### Data to process
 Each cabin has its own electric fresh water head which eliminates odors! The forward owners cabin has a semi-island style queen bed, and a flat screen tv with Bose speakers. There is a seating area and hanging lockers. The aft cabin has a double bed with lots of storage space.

* * *

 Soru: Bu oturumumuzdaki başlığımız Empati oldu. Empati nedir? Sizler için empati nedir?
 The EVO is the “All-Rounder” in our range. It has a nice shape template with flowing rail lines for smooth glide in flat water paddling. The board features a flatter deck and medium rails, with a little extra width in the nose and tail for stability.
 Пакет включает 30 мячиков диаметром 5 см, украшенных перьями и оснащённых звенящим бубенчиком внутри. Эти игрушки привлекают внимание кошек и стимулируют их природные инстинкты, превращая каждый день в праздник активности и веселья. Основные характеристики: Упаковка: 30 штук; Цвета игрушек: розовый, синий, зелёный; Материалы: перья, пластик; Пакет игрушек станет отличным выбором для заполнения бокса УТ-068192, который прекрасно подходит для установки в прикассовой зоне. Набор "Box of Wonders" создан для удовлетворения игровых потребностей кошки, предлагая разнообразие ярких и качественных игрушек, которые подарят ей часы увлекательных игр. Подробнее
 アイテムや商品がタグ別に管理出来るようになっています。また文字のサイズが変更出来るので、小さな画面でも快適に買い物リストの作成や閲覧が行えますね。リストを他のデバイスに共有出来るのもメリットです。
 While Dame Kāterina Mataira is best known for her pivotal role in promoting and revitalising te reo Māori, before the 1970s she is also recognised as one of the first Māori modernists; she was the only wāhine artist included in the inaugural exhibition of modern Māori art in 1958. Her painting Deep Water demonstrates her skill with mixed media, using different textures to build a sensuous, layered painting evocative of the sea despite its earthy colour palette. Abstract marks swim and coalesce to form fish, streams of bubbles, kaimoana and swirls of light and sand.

### Task requirements
In the entries above, find each line containing the string "with" and copy it.

### Result for this exercise
 Each cabin has its own electric fresh water head which eliminates odors! The forward owners cabin has a semi-island style queen bed, and a flat screen tv with Bose speakers. There is a seating area and hanging lockers. The aft cabin has a double bed with lots of storage space.
 The EVO is the “All-Rounder” in our range. It has a nice shape template with flowing rail lines for smooth glide in flat water paddling. The board features a flatter deck and medium rails, with a little extra width in the nose and tail for stability.
 While Dame Kāterina Mataira is best known for her pivotal role in promoting and revitalising te reo Māori, before the 1970s she is also recognised as one of the first Māori modernists; she was the only wāhine artist included in the inaugural exhibition of modern Māori art in 1958. Her painting Deep Water demonstrates her skill with mixed media, using different textures to build a sensuous, layered painting evocative of the sea despite its earthy colour palette. Abstract marks swim and coalesce to form fish, streams of bubbles, kaimoana and swirls of light and sand.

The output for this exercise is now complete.